--- START ---
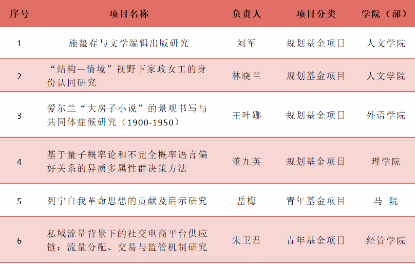 近日,教育部社科司公示了2024年度教育部人文社会科学研究规划基金、青年基金、自筹经费项目的评审结果,我校共获批6项,其中规划基金4项,青年基金2项,获批立项数创新高。
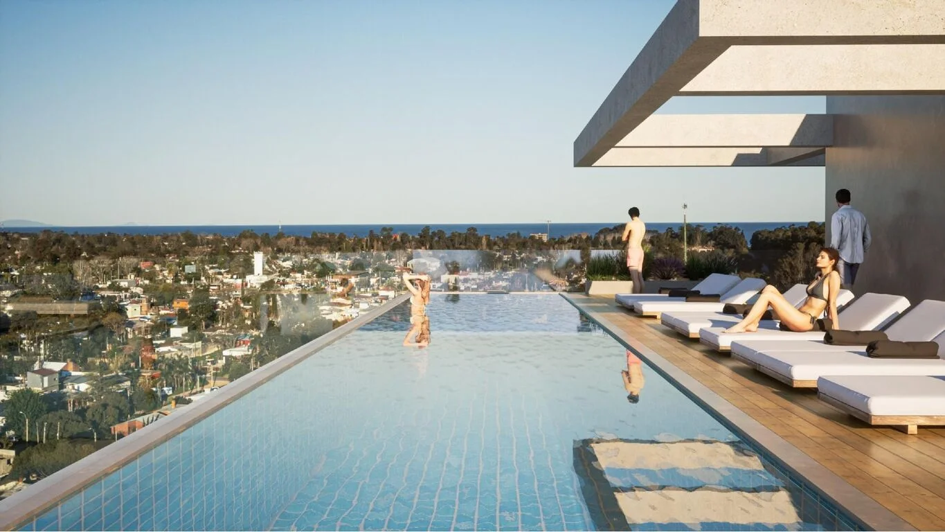 Último nivel con las mejores vistas 360º, una piscina de borde infinito con solárium, parrillero, livings de exterior .
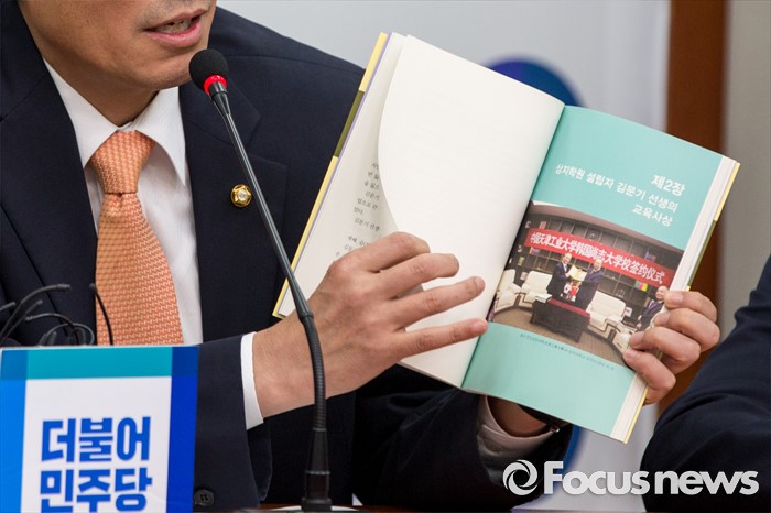 (서울=포커스뉴스) 우상호 더불어민주당 원내대표가 22일 오전 서울 여의도 국회에서 열린 비상대책위원회의에 참석해 '상지정신' 책자를 보이며 상시대학교 사태 관련 발언을 하고 있다.
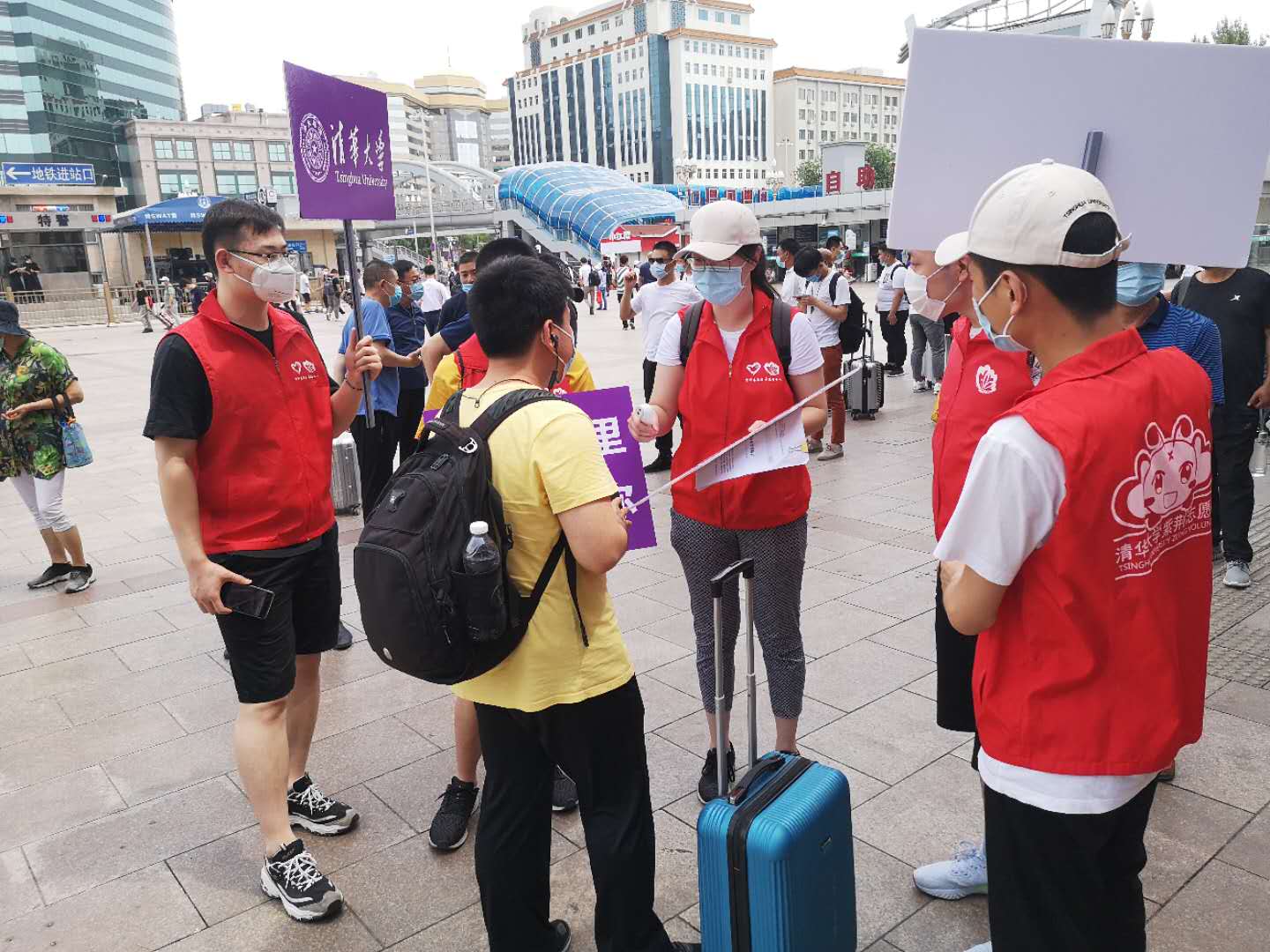 6月6日是来自山西太原的生命学院博士生寇甜甜返校的日子。一出车站,寇甜甜就看到了高举“风里雨里、清华等你”指引牌、穿着熟悉的红色马甲的学校接站志愿者。志愿者们“欢迎回家”的亲切问候,让她顿时有了温暖的感觉。
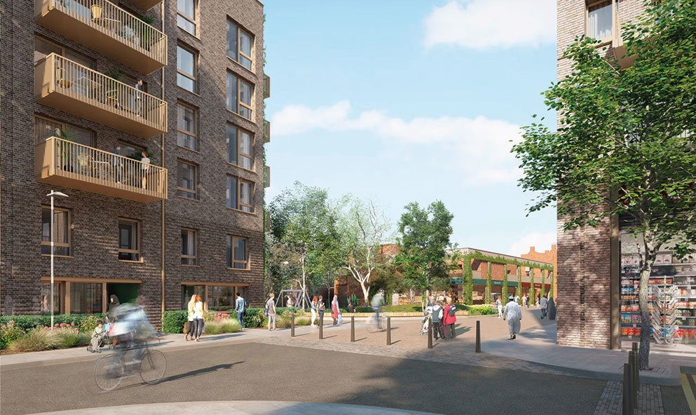 The scheme’s architects undertook a detailed urban analysis to identify exactly what sort of configuration would work best for the area. Ultimately, they concluded that the site lent itself to one tall building to mark the neighbourhood centre, so the plans included a 25 storey tower. This is surrounded by various lower buildings, in a composition of forms which, say the architects, “mend the streets,” together with the improvements made generally to the public realm.
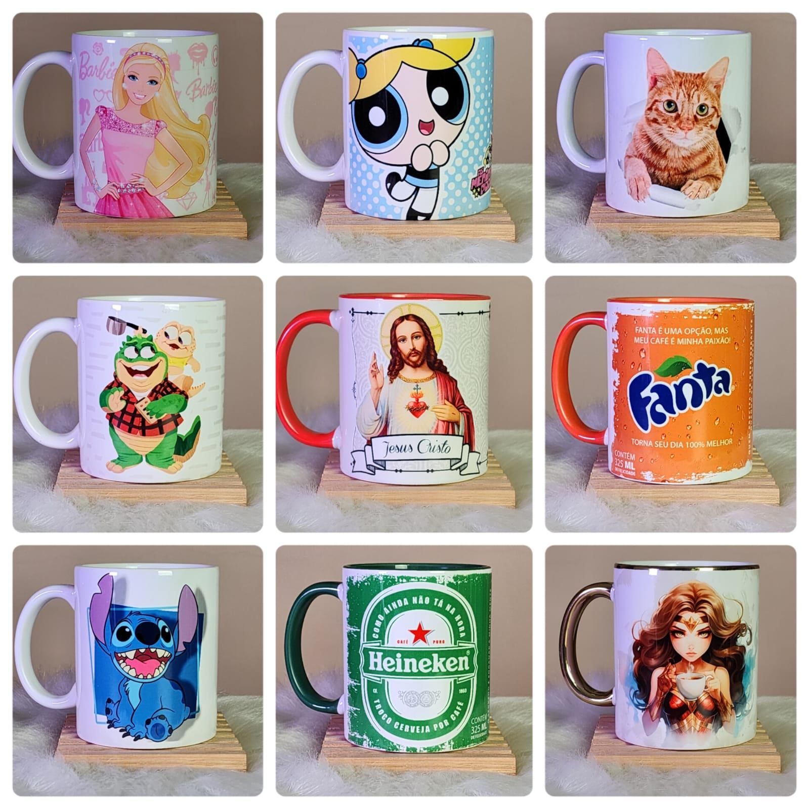 Aprenda a produzir 12 tipos de produtos diferentes: caneca de cerâmica branca, preta, colorida, polímero (plástico), alumínio, vidro, cromada, mágica, glitter, chopp, xícaras e squeezes.
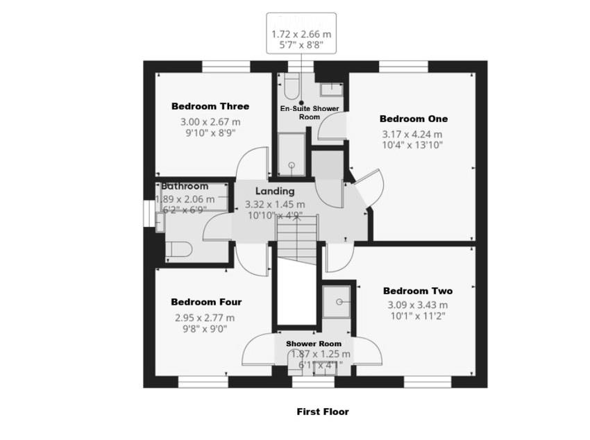 - Four bedrooms plus study
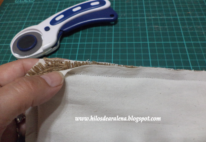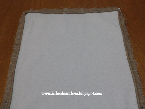 Para comenzar forré un cordón con arpillera , fijándolo con un pespunte y dejando un margen de tela para poder unirlo al almohadón con comodidad ya que se deshilacha muy fácil.
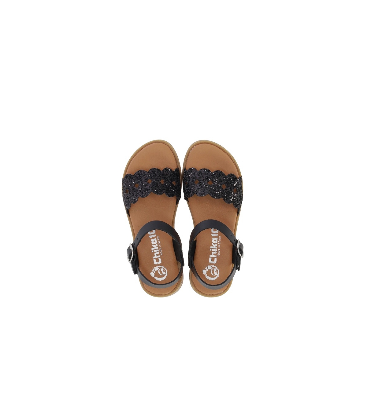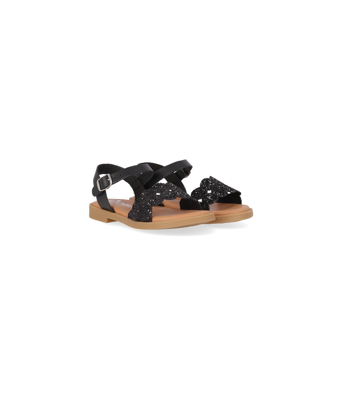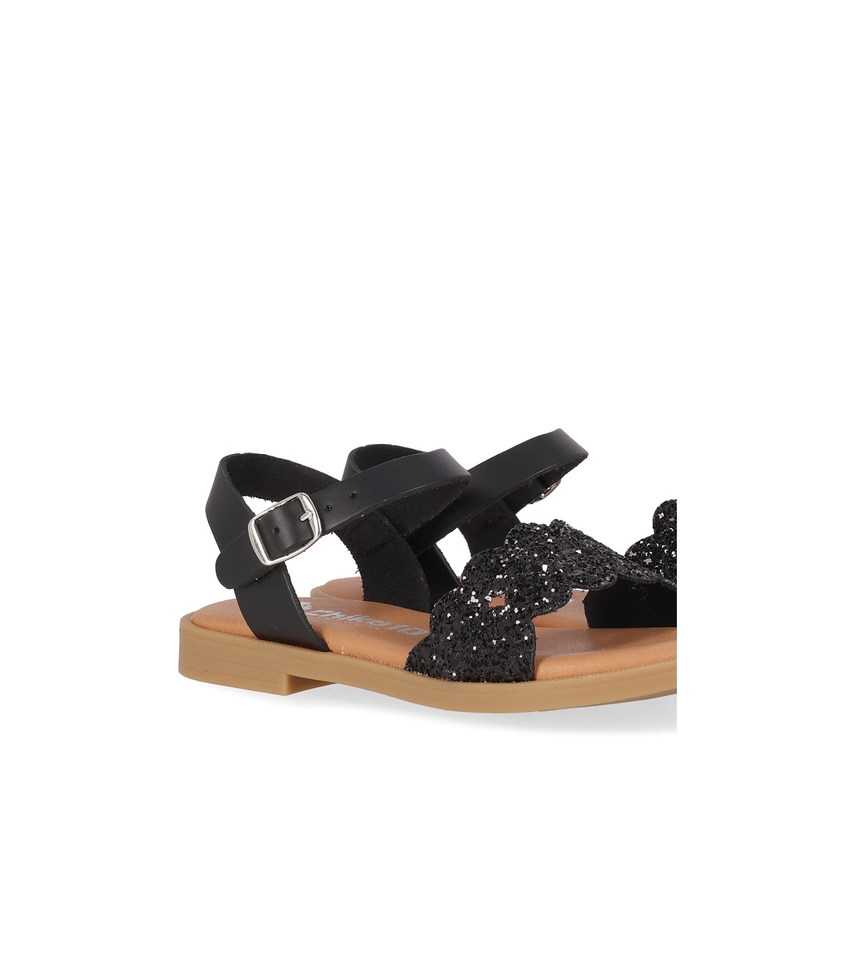 Sandalias toqueladas combinadas en piel vegana y glitter negro.
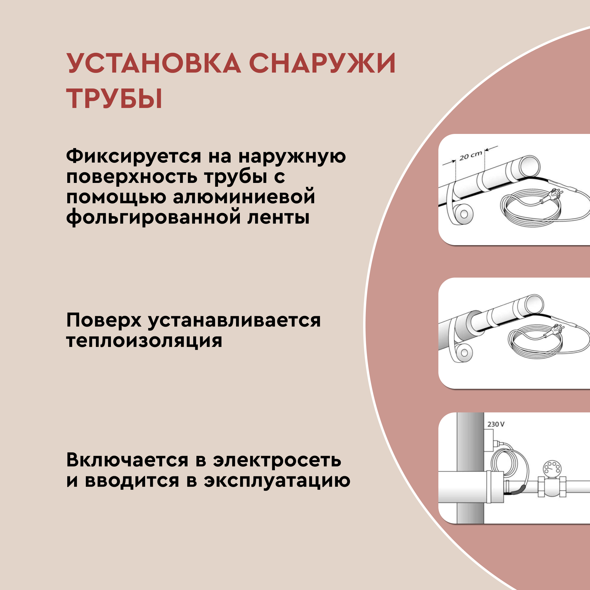 Греющий кабель на трубу 8 м 16 Вт/м саморегулирующийся для водопровода готовый комплект ТМ Обогрев Люкс
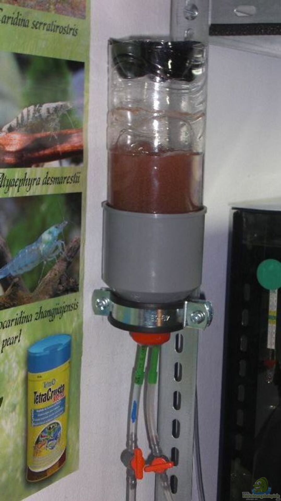 zum Artemia füttern nehme ich ein Sieb mit einem Behälter darunter, einfach Absperrventil für Luft ca. 2 Minuten vor dem füttern zudrehen, dann setzen sich die Artemias unten ab, nun einfach über das 2. Absperrventil unten abzapfen, die Artemias bleiben im Sieb hängen,
--- END ---
What to produce:
Your copy should match the material above exactly, minus its pictures.

Result for this exercise:
 近日,教育部社科司公示了2024年度教育部人文社会科学研究规划基金、青年基金、自筹经费项目的评审结果,我校共获批6项,其中规划基金4项,青年基金2项,获批立项数创新高。
 Último nivel con las mejores vistas 360º, una piscina de borde infinito con solárium, parrillero, livings de exterior .
 (서울=포커스뉴스) 우상호 더불어민주당 원내대표가 22일 오전 서울 여의도 국회에서 열린 비상대책위원회의에 참석해 '상지정신' 책자를 보이며 상시대학교 사태 관련 발언을 하고 있다.
 6月6日是来自山西太原的生命学院博士生寇甜甜返校的日子。一出车站,寇甜甜就看到了高举“风里雨里、清华等你”指引牌、穿着熟悉的红色马甲的学校接站志愿者。志愿者们“欢迎回家”的亲切问候,让她顿时有了温暖的感觉。
 The scheme’s architects undertook a detailed urban analysis to identify exactly what sort of configuration would work best for the area. Ultimately, they concluded that the site lent itself to one tall building to mark the neighbourhood centre, so the plans included a 25 storey tower. This is surrounded by various lower buildings, in a composition of forms which, say the architects, “mend the streets,” together with the improvements made generally to the public realm.
 Aprenda a produzir 12 tipos de produtos diferentes: caneca de cerâmica branca, preta, colorida, polímero (plástico), alumínio, vidro, cromada, mágica, glitter, chopp, xícaras e squeezes.
 - Four bedrooms plus study
 Para comenzar forré un cordón con arpillera , fijándolo con un pespunte y dejando un margen de tela para poder unirlo al almohadón con comodidad ya que se deshilacha muy fácil.
 Sandalias toqueladas combinadas en piel vegana y glitter negro.
 Греющий кабель на трубу 8 м 16 Вт/м саморегулирующийся для водопровода готовый комплект ТМ Обогрев Люкс
 zum Artemia füttern nehme ich ein Sieb mit einem Behälter darunter, einfach Absperrventil für Luft ca. 2 Minuten vor dem füttern zudrehen, dann setzen sich die Artemias unten ab, nun einfach über das 2. Absperrventil unten abzapfen, die Artemias bleiben im Sieb hängen,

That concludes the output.